[bitcoin-dev] Smart Contracts Unchained

ZmnSCPxj ZmnSCPxj at protonmail.com
Thu Apr 4 07:07:10 UTC 2019


Good morning Ariel,

> However, consider the situation where a group of participants are playing poker. One participant loses all their funds and decides to present to the escrow the contract+an old contract state+a signed message following the contract rules (eg. an independently signed cashing out message). How would the escrow know that the contract state is old and the operation is disallowed, without using a consensus mechanism like a blockchain?

One might point to the various channel mechanisms (Poon-Dryja, Decker-Wattenhofer, Decker-Russell-Osuntokun) as counterarguments.
Though they require a blockchain as backing, old states are invalidated (Poon-Dryja) or replaceable (Decker-*), without necessarily requiring a blockchain to keep track of all the states.

Suppose our purported smart contract platform supports some kind of covenant system.
This means, that it is possible to make a branch of the contract require that the fund go to a specific address template in the transaction that spends it.
Suppose we use this mechanism to require that the Bitcoin-level transaction pay again to a contract in the same contract platform.
It then becomes possible to make a covenant that requires spending the transaction to the same covenant.
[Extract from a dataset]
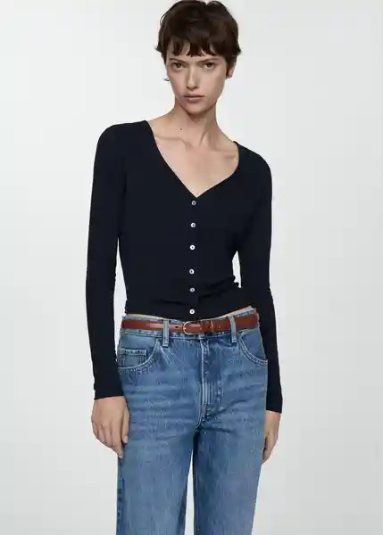Cierre de Botones en la Parte Delantera, Cuello Pico, Diseño Recto, la Modelo Mide 177 cm y Lleva Una Talla S, Manga Larga, Tejido de Lyocell - 77074442_69.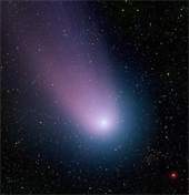 Это снимок кометы C/2001 Q4 (NEAT), сделанный 7 мая 0,9-метровым телескопом WIYN Национальной обсерватории Kitt Peak в Аризоне. Для получения цветного изображения были использованы три разных светофильтра. Поле зрения камеры составляло 1 градус, это вдвое больше углового размера Луны. Тем не менее, в кадр попали только кома кометы и "ближняя" часть ее хвоста. В правом нижнем углу снимка видна яркая красная звезда.

This can allow us to enforce creating an offchain sequence of transactions T1...Tn, such that T2 spends T1, T3 spends T2, etc.
Then the final transaction Tn completes the sequence and pays out according to the rules of Poker, or whatever.
This sequence is anchored on an onchain transaction T0 which enters the funds into the smart contract.

The smart contract platform just signs "blindly" without particularly caring whether the signature went onchain, or even whether the UTXO being spent exists onchain --- all it cares, is that the smart contract can be given witnesses correctly.

Now upon reaching Tn, the winner(s) can just publish the sequence of transactions T1...Tn.
Alternately, they can present the sequence of transactions T1...Tn to all participants, and offer to give back part of the money allocated to fees for all the transactions T1...Tn in exchange for a single transaction that shortcuts all of that and spends to however Tn splits out.

Basically, consider that the Decker-Russell-Osuntokun mechanism starts with a mechanism very much like the above (a sequence of update transactions) and then does some optimizations to allow the final transaction Tn to spend any transaction Ti where i < n.
But the basic concept that the sequence is at all possible, and can be kept offchain, implies this state does not require to be stored onchain at all.